For agweb.com John Herath writes, “A week of cooperative weather set planting at near record pace across the corn belt last week. Corn acres planted jumped to 27%, up from 7% the previous week. Much of that progress was in two key states according to Chip Flory of AgriTalk Radio. ‘A couple of the states really stand out, we’ve got Iowa 39% planted, we’ve got Minnesota at 40% planted, 40% planted in Minnesota’, Flory said. ‘Both states are about double the five-year average pace. This means that in the Last week, Iowa planted about 5.2 million acres of corn. Minnesota planted about 3.3 million acres of corn’.”
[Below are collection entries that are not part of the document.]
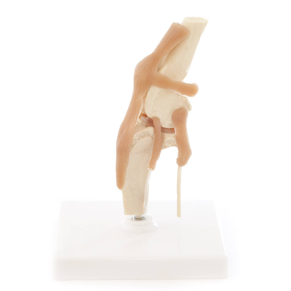 Анатомічна модель колінного суглоба собаки зі зв'язками та сухожилками представляє суглоб собаки середнього розміру. На моделі добре продемонстрований зв'язковий апарат. Конструкція кріпиться на білій пластиковій основі з використанням металевого штиря. Чудово підходить для наочного пояснення анатомічних зв'язків та обговорення концепцій терапії.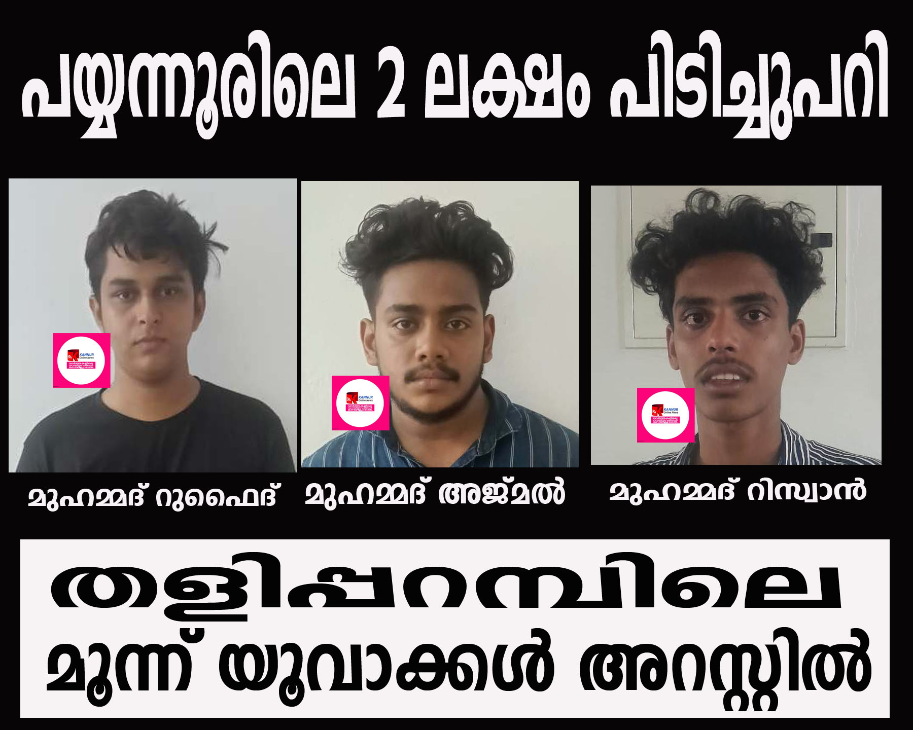 പയ്യന്നൂരിലെ 2 ലക്ഷം പിടിച്ചുപറി തളിപ്പറമ്പിലെ മൂന്ന് യൂവാക്കള് അറസ്റ്റില്
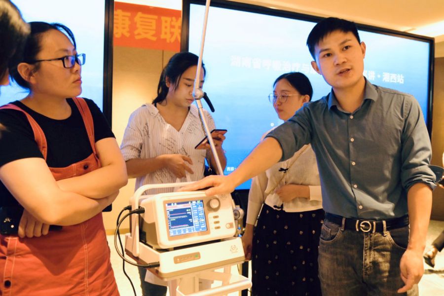 中南大学湘雅二医院教授现场授课,耐心解读高流量氧疗仪、无创呼吸机、肺康复施行的必要性,通过实际操作演练等方式手把手讲述细节管控。同时,会议重点强调“如何有效提高基层医院呼吸治疗与肺康复水平”,就基层医院氧疗方式的选择、无创通气管理、肺康复中的常见问题及解决方法与参会人员进行了深入交流。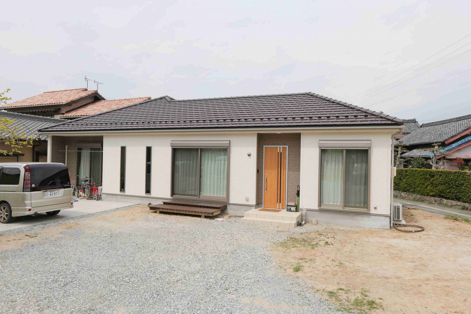 以前の家が古くなったので建て替えをしました。年も取ってくるので平屋は暮らしやすいと思います。他のハウスメーカーと比較して価格や設計の自由度でアイダ設計に決めました。設計プランは、リビングを通って子供部屋に行けるようになっていて、和室の間仕切りを開けるとリビングとの広い続き間ができます。キッチンはリビングを見渡せるようになって、気に入っています。子供も自分の部屋が持てたと喜んでいます。住み心地も良く、思い通りの家が出来たのでアイダ設計に決めて良かったです。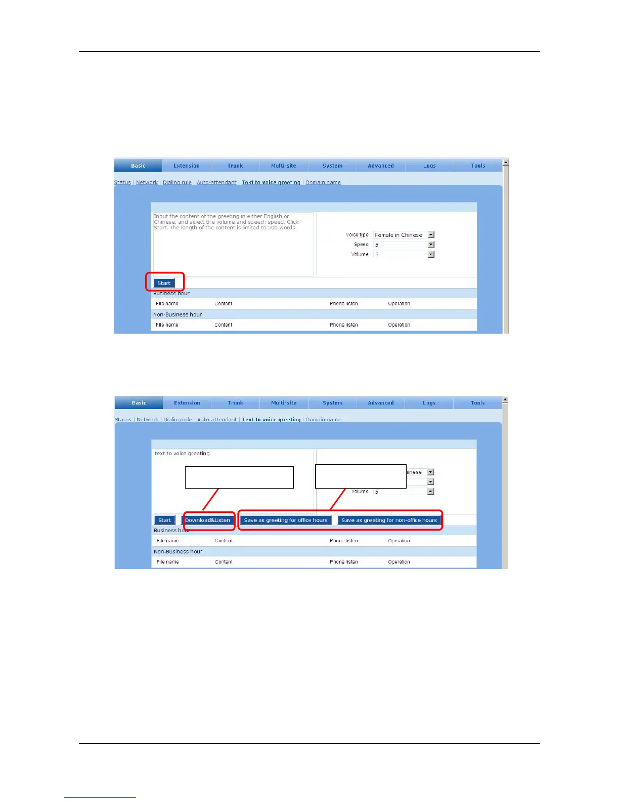 Go to the Basic > Text to voice greeting page. Input the content of greeting in either English or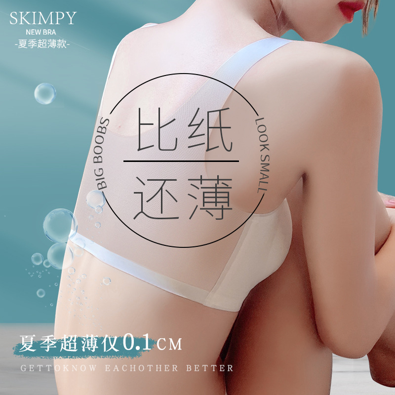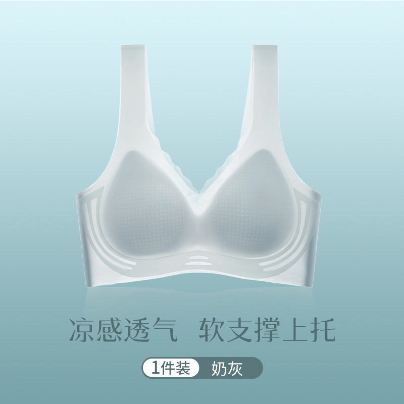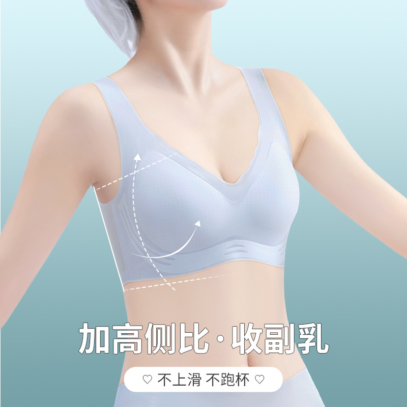 夏季超薄无痕内衣女大胸显小收副乳防下垂美背心式冰丝凉感文胸罩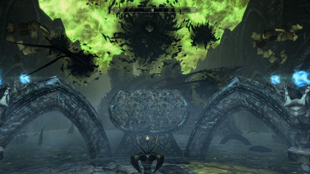 黒の書:手紙の書き方に関する見識を読み、侵入したアポクリファではハルメアス・モラからシャウト「服従」の2番目の言葉「精神」を修得します。 そして、その場にある書物からシャウトを強化する力を、3つの中から1つ選び獲得します。

The Star Tribune’s Paul Walsh says, “A notorious Twin Cities counterfeiter and scam artist has lengthened his rap sheet, this time charged with paying for an Eagan restaurant with a phony $400,000 cashier’s check and then draining the business of money. Edward Stahlmann, 37, of St. Paul, was charged Monday in Dakota County District Court with three counts of check forgery in connection with his agreement to buy Wyatt’s Twisted Americana off Cliff Lake Drive in January.”

Also in the Star Tribune, this from Katy Read, “The allure of Excelsior’s quaint and vintage neighborhoods is reigniting a battle between residents who want to preserve the city’s modest charm and newcomers who want to build big. City officials are considering several proposals intended to preserve Excelsior’s character that could also give it the toughest residential zoning regulations in Minnesota, a move that could deter new development. One proposal includes a powerful review board that could reject proposed construction it deems inappropriate. … Officials are weighing a proposal to limit the size of a new home based on lot size.”